PROBLEM REQUIREMENTS: Give again, exactly as written, each line of the material below starting at the line that contains "Imagine a mother" and ending at the line that contains "The recreational opportunities are many!". Both ends count, and no other line does.
-.-.-
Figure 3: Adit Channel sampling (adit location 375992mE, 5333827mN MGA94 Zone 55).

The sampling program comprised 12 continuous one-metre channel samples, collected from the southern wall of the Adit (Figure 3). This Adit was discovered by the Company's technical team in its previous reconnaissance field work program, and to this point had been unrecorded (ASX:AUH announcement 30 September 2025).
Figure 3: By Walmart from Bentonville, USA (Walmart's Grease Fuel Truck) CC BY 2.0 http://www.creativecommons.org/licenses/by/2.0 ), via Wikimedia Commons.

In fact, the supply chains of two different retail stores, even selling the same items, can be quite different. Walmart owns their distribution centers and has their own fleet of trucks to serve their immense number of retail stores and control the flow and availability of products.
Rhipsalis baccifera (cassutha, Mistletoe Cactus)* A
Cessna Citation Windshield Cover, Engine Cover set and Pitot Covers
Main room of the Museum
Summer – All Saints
-.-.-
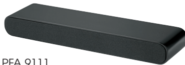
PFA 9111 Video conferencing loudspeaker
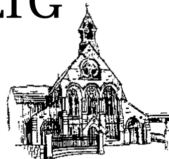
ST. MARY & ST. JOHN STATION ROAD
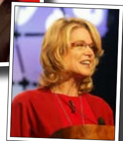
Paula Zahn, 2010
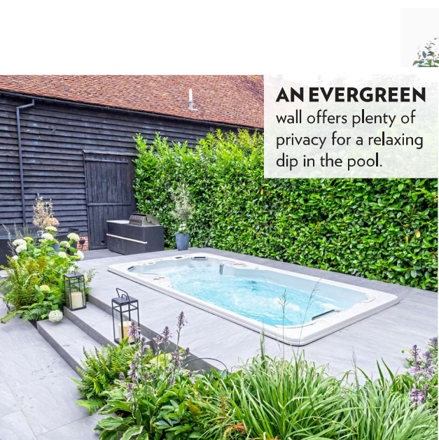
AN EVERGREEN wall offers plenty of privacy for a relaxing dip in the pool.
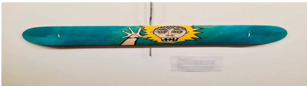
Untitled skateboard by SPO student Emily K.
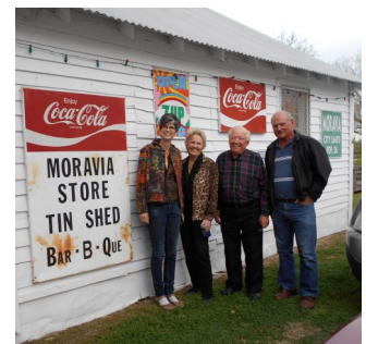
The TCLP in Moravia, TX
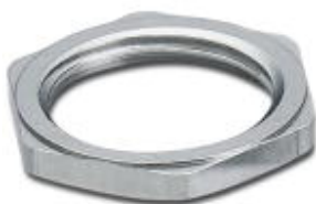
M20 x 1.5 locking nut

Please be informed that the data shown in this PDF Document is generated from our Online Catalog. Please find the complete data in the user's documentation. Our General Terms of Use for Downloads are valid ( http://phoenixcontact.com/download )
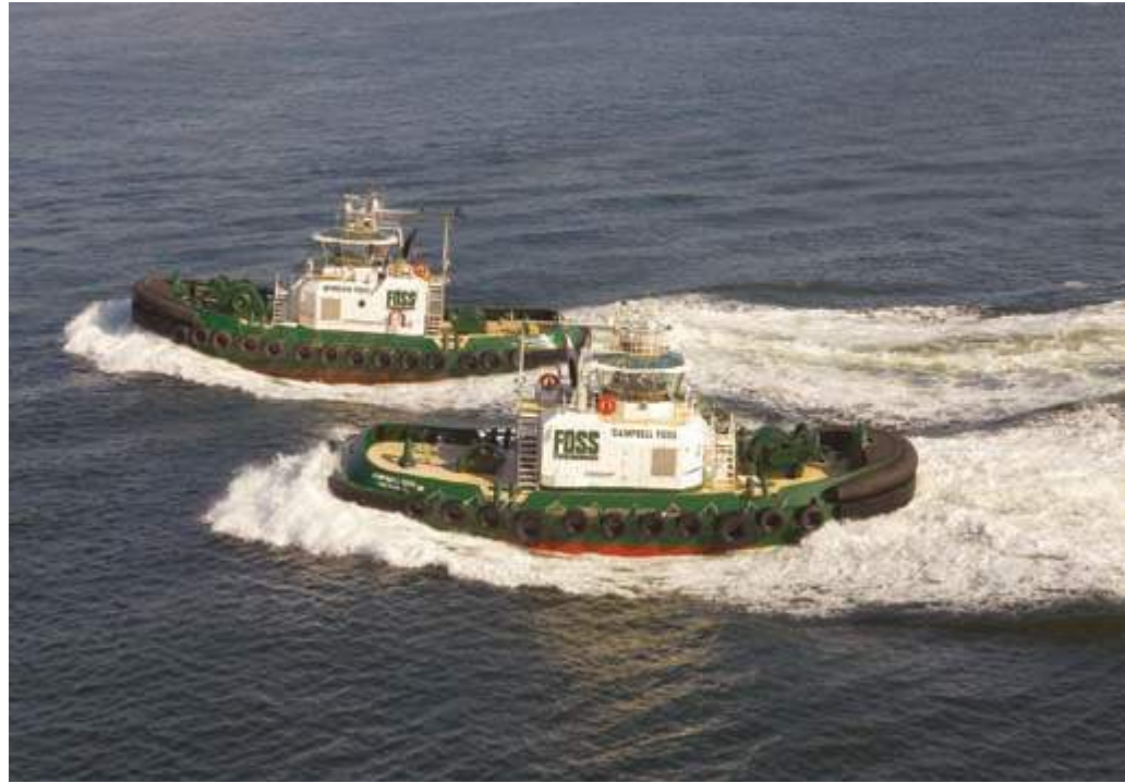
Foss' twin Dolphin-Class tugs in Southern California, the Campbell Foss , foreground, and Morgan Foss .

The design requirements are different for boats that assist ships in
-.-.-
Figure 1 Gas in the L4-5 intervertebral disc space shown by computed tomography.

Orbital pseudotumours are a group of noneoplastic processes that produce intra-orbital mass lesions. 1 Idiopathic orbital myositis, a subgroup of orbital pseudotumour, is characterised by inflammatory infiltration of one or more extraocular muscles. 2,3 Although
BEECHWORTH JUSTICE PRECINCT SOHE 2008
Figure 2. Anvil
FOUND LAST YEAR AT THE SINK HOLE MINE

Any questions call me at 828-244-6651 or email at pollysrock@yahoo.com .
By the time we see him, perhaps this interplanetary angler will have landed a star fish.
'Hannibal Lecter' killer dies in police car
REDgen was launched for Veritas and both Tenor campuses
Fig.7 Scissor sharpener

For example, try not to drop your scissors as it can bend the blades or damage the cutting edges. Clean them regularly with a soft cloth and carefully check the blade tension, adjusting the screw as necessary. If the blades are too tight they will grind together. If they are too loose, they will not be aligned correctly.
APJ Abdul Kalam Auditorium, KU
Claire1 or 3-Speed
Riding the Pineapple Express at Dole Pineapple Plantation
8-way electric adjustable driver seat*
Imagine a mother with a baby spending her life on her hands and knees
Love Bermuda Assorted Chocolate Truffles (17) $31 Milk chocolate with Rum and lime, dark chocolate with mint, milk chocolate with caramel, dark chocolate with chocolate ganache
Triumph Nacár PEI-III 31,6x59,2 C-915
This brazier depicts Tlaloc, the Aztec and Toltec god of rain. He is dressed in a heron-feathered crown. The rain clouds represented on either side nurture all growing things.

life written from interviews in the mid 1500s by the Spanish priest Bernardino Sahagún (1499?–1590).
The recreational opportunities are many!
-.-.-
REPLY:
Imagine a mother with a baby spending her life on her hands and knees
Love Bermuda Assorted Chocolate Truffles (17) $31 Milk chocolate with Rum and lime, dark chocolate with mint, milk chocolate with caramel, dark chocolate with chocolate ganache
Triumph Nacár PEI-III 31,6x59,2 C-915
This brazier depicts Tlaloc, the Aztec and Toltec god of rain. He is dressed in a heron-feathered crown. The rain clouds represented on either side nurture all growing things.

life written from interviews in the mid 1500s by the Spanish priest Bernardino Sahagún (1499?–1590).
The recreational opportunities are many!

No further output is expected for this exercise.